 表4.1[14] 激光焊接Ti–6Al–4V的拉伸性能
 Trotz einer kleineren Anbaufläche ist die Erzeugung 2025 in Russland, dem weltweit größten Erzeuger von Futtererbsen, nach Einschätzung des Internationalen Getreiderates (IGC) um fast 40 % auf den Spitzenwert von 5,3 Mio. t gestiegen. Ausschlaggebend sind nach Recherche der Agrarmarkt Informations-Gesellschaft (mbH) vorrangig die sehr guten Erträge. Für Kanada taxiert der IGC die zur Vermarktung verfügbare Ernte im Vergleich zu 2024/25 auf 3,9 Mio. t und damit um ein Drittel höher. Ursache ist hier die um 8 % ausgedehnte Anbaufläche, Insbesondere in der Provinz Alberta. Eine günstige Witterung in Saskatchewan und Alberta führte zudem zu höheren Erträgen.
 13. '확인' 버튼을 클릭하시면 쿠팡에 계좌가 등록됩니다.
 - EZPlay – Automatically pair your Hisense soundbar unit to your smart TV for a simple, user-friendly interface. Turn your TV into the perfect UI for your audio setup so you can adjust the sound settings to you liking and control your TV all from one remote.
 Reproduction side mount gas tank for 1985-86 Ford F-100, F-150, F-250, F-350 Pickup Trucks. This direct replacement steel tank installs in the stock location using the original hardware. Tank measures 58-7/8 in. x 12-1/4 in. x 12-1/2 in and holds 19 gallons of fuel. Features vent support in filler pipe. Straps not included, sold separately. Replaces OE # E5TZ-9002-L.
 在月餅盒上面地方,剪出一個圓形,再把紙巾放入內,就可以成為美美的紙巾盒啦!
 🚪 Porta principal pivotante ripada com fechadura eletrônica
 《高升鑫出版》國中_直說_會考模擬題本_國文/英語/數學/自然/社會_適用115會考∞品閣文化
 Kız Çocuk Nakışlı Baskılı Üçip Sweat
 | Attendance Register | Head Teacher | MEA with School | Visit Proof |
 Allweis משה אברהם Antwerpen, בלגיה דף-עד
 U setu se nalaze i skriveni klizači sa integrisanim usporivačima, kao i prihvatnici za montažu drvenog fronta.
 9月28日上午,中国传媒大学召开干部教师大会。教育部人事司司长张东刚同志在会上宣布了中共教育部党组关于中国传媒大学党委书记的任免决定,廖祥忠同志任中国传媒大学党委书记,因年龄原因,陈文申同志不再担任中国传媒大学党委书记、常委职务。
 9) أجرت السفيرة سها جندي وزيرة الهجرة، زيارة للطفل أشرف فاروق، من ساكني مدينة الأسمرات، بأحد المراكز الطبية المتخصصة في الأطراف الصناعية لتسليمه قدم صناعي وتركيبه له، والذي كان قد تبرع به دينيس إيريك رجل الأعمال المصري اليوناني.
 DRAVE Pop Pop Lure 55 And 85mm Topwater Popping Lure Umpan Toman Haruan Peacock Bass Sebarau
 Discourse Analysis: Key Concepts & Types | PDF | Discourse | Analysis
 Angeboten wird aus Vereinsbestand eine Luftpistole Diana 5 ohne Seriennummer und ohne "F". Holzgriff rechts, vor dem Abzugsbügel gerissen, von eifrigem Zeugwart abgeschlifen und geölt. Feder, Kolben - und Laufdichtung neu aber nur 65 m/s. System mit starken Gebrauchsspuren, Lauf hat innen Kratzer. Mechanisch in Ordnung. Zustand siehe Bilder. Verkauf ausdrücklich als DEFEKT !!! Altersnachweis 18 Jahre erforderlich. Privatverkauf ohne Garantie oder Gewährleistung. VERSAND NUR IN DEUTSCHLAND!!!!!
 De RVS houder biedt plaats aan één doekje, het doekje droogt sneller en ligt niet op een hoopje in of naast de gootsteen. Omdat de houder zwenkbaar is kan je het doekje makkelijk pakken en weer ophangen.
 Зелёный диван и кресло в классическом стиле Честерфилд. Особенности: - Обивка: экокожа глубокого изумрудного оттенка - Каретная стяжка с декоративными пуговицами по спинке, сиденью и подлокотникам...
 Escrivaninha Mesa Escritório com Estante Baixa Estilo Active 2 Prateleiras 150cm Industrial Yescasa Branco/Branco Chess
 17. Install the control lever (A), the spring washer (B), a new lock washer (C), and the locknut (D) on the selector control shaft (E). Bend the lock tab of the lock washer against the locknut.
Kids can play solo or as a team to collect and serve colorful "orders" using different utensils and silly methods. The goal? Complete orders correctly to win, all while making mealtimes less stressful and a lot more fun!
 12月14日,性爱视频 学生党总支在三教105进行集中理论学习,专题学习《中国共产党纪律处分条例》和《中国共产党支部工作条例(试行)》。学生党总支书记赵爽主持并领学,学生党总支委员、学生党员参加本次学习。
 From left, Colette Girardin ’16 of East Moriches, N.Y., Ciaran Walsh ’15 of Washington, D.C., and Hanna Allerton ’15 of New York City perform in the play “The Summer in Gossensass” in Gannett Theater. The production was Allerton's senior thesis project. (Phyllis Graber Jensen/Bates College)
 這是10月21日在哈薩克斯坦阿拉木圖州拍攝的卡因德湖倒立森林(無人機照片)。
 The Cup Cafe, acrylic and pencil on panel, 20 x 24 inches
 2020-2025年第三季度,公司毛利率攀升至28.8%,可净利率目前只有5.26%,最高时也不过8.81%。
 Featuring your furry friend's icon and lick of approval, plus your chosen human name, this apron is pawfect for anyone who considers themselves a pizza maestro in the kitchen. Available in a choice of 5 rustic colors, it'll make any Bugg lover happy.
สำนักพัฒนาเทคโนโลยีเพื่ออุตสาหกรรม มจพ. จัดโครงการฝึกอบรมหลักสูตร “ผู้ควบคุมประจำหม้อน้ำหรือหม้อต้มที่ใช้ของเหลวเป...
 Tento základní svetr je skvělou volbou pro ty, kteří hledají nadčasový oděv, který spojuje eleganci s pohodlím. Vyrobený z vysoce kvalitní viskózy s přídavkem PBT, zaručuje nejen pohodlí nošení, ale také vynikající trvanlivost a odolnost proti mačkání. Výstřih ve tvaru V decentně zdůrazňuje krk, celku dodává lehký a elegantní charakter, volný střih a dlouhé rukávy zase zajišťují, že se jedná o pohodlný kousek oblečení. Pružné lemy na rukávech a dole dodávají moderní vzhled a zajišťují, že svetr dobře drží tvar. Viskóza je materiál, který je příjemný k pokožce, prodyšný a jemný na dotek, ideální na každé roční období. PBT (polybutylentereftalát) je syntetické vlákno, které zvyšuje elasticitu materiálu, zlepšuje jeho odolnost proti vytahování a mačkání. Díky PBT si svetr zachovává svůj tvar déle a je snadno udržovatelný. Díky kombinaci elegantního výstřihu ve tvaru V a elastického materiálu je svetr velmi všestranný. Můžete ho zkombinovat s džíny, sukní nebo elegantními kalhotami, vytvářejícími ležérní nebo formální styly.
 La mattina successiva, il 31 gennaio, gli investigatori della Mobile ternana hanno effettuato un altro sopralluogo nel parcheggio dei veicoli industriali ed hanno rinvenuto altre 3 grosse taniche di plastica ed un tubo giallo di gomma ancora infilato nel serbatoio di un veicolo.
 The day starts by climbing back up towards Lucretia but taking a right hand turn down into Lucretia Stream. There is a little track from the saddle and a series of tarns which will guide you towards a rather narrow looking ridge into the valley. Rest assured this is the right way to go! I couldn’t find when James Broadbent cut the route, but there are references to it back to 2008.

▶ _What this task involves_
In the records above, collect each line with "control".

▶ _Your response_
 - EZPlay – Automatically pair your Hisense soundbar unit to your smart TV for a simple, user-friendly interface. Turn your TV into the perfect UI for your audio setup so you can adjust the sound settings to you liking and control your TV all from one remote.
 17. Install the control lever (A), the spring washer (B), a new lock washer (C), and the locknut (D) on the selector control shaft (E). Bend the lock tab of the lock washer against the locknut.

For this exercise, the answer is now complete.